The paper doesn't give the function for the phase noise curve, but by eyeing the graph, this is what I calculated:

Assuming L(f) = k + a/f in the region of integration, (where a,k are constants, and f is frequency)

integral( k+a/f, from f1 to f2 ) = k*(f2 - f1) + a* ln( f2/f1 ), where k=10^-150/10, and a = 10^-140/10 * 12e3, f1=12e3, f2=20e6.

plugging in and convert to dBc:  
10 * log( 1e-15*(20e6-12e3) + 1e-14*12e3*ln(20e6/12e3) ) ~ -76.8 dBc.

My answer is not the same as in the paper, but I think it's pretty close, given that I had to eyeball the function.
But this should demonstrate how to go about integrating the area under a phase noise curve, as a step to calculating the jitter.

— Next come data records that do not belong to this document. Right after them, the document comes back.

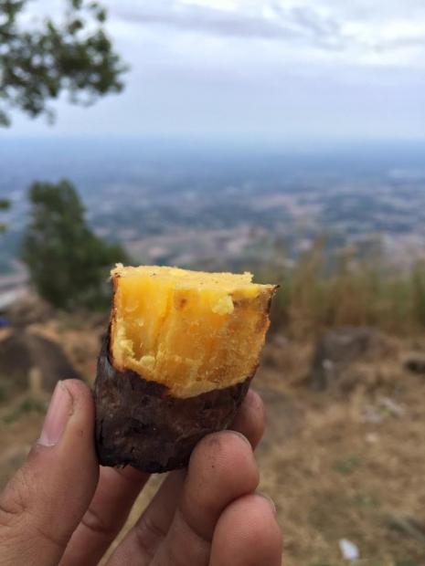 Lên gần tới đỉnh núi, chúng tôi gặp một nhóm bạn. Các bạn chia sẻ cho chúng tôi những củ khoai lang nướng nóng hổi thơm nức mũi. Mà đến sau chuyến đi, một bạn trong nhóm tôi chia sẻ, cảm giác hạnh phúc nhất trong chuyến đi là được ăn củ khoai lang nướng đó.
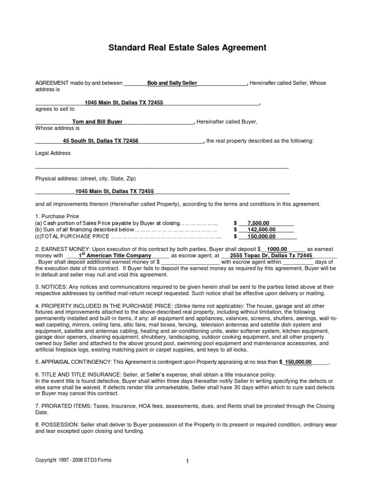 Home Seller S Re Sales Contract Filled In Example Pdf Promissory Note Mortgage Law
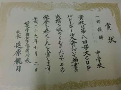 7月3日(月)【女子バレーボール部】 表彰
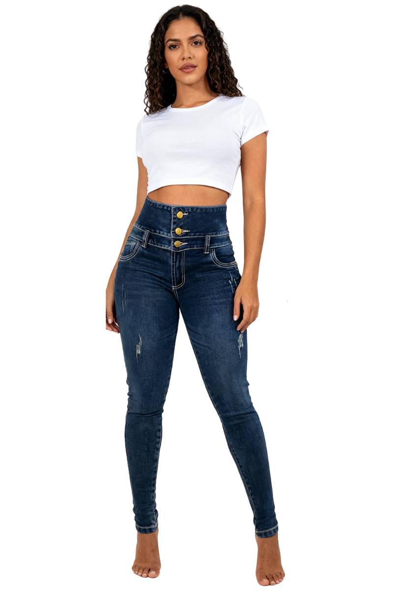Eleva tu estilo urbano con los jeans Skinny Fit dirty oscuro. Ref. 01611525. Esta prenda destaca por su tono azul profundo con procesos de lavado que le otorgan un aire vintage sofisticado. Su doble pretina escultural de 3 botones no solo es un detalle de diseño, sino que funciona como un sistema de control de abdomen para una silueta visiblemente más delgada.
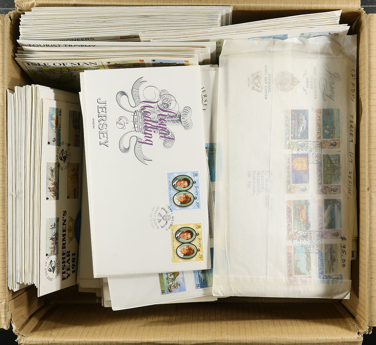 Nice collection / accumulation of Jersey and Isle of Man first day covers, 1960's-1990's, containing roughly 400 first day covers from Jersey (roughly 300), and Isle of Man (roughly 100), loose in a box. We note primarily sets, along with some souvenir sheets, postage dues, and high denomination frankings. Many of the covers retailed from $3 to $5 each, with some sets cataloguing from $5 to $15 each (counted as used stamps). A nice lot with duplication up to 5 for some issues, overall fine to very fine. Estimate =
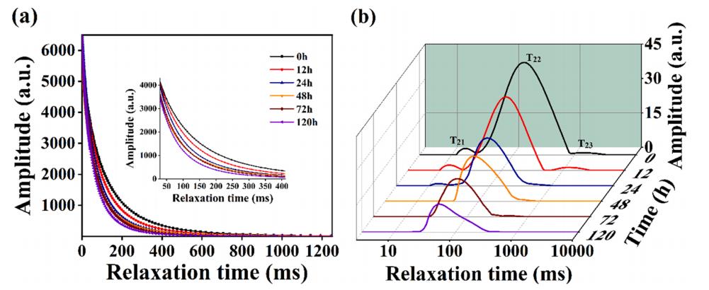 海參樣品在各腌制周期的CPMG弛豫衰減曲線和T2弛豫光譜如圖4所示。如圖4a所示,樣品中質(zhì)子的衰變速率隨著腌制時間的延長而增加,在前三個腌制階段變化較大。由此可以推斷,在腌制初期,樣品中大量水分流失,樣品中氫質(zhì)子的含量同時下降,導(dǎo)致質(zhì)子衰變速率明顯增加。在腌制過程后期,樣品的內(nèi)部和外部幾乎接近滲透壓平衡,導(dǎo)致MC變化很小。如圖4b所示,在未腌制(0 h)的海參弛豫曲線上存在3個質(zhì)子弛豫峰,分別為束縛水(T21)、不動水(T22)和游離水(T23)。腌制處理后,T21先減少后消失,T22和T23逐漸減少。隨著腌制時間的增加,海參樣品中的束縛水向右遷移,逐漸變?yōu)椴粍铀?。不動水向左移動并壓實。隨著時間的推移,游離水也會轉(zhuǎn)移到剩余的地方,很容易丟失,從而創(chuàng)造了一個抑制微生物活動的環(huán)境,這有利于海參的儲存。
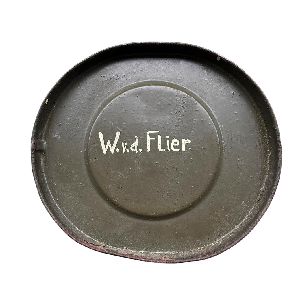 Het deksel sluit solide en is voorzien van handgeschilderde markeringen, waaronder het registratienummer Z III-6728 en de naam W. v.d. Flier, wat duidt op persoonlijke uitgifte aan een militair uit de mobilisatieperiode vóór de Tweede Wereldoorlog.

Notice that L(f) has units dBc/Hz.  Once you integrate over frequency, you get [dBc/Hz] * [Hz] = dBc.

I hope this helps you.

Regards,
Robert

Buckaroo, your equation for computing jitter from a single phase noise offset seems highly limited to some very specific situation, whatever that may be.  I would advise against making such a blanket statement on using this equation as a rule of thumb for calculating phase noise, especially for more complex phase noise curves such as found in systems with cascaded PLLs.